With the continued evolution of bundled payment plans, there has been a greater focus within orthopedic surgery on quality metrics up to 90 days of care. Although the Centers for Medicare and Medicaid Services does not currently penalize hospitals based on their pediatric readmission rates, it is important to understand the drivers for unplanned readmission to improve the quality of care and reduce costs.

METHODS

The National Readmission Database provides a nationally representative sample of all discharges from US hospitals and allows follow-up across hospitals up to 1 calendar year. Adolescents (age 10–18 years) who underwent idiopathic scoliosis surgery from 2012 to 2015 were included. Patients were separated into those with and those without readmission within 30 days or between 31 and 90 days. Demographics, operative conditions, hospital factors, and surgical outcomes were compared using the chi-square test and t-test. Independent predictors for readmissions were identified using stepwise multivariate logistic regression.

RESULTS

A total of 30,677 patients underwent adolescent idiopathic scoliosis surgery from 2012 to 2015. The rates of 30- and 90-day readmissions were 2.9% and 1.4%, respectively. The mean costs associated with the index admission and 30- and 90-day readmissions were $60,680, $23,567, and $16,916, respectively. Common risk factors for readmissions included length of stay > 5 days, obesity, neurological disorders, and chronic use of antiplatelets or anticoagulants. The index admission complications associated with readmissions were unintended durotomy, syndrome of inappropriate antidiuretic hormone, and superior mesenteric artery syndrome. Hospital factors, discharge disposition, and operative conditions appeared to be less important for readmission risk. The top reasons for 30-day and 90-day readmissions were wound infection (34.7%) and implant complications (17.3%), respectively. Readmissions requiring a reoperation were significantly higher for those that occurred between 31 and 90 days after the index readmission.

CONCLUSIONS

Readmission rates were low for both 30- and 90-day readmissions for adolescent idiopathic scoliosis surgery patients. Nevertheless, readmissions are costly and appear to be associated with potentially modifiable risk factors, although some risk factors remain potentially unavoidable.

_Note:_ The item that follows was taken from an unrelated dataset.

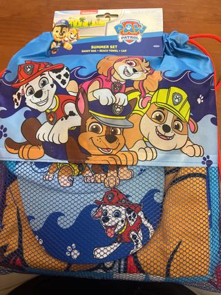 Conjunto de verano de la Patrulla Canina con bolsa, toalla y gorra. - Diseño con los personajes de la Patrulla Canina. - Bolsa tipo saco. - Toalla de playa. - Gorra.
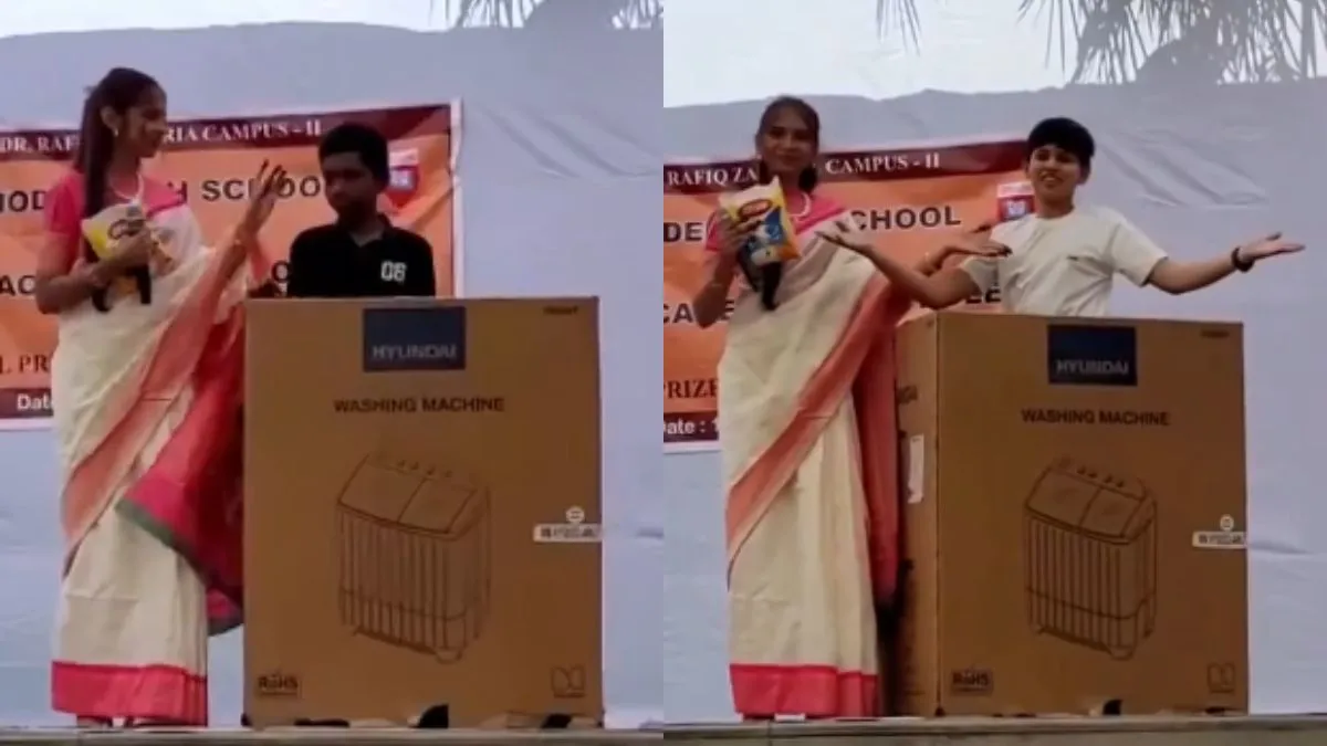 अभी जो वीडियो वायरल हो रहा है वो किसी स्कूल का मालूम पड़ता है। स्टेज पर एक लड़की खड़ी है जिसके हाथ में किसी कंपनी का डिटर्जेंट पाउडर है मगर उसका नाम नहीं पता चल रहा है। लड़की के पास में वाशिंग मशीन का बॉक्स रखा हुआ है। उसके अंदर एक बच्चा खड़ा है जो सांवले रंग का है। लड़की बच्चे को गोल घुमाती है और नीचे बैठाकर उस पर पाउडर गिराती है। कुछ देर अपने हाथ को घुमाने को बाद एक दूसरे बच्चे को बाहर निकालती है जो गोरा होता है। इस तरह लड़की ने डिजर्टेंट पाउडर का डार्क तरीके से प्रचार किया जिसका वीडियो वायरल हो रहा है।

ABBREVIATIONS AIS = adolescent idiopathic scoliosis; CMS = Centers for Medicare and Medicaid Services; DVT = deep venous thrombosis; HCUP = Healthcare Cost and Utilization Project; LOS = length of stay; NRD = Nationwide Readmissions Database; NSQIP = National Surgical Quality Improvement Program; SIADH = syndrome of inappropriate antidiuretic hormone; SMA = superior mesenteric artery.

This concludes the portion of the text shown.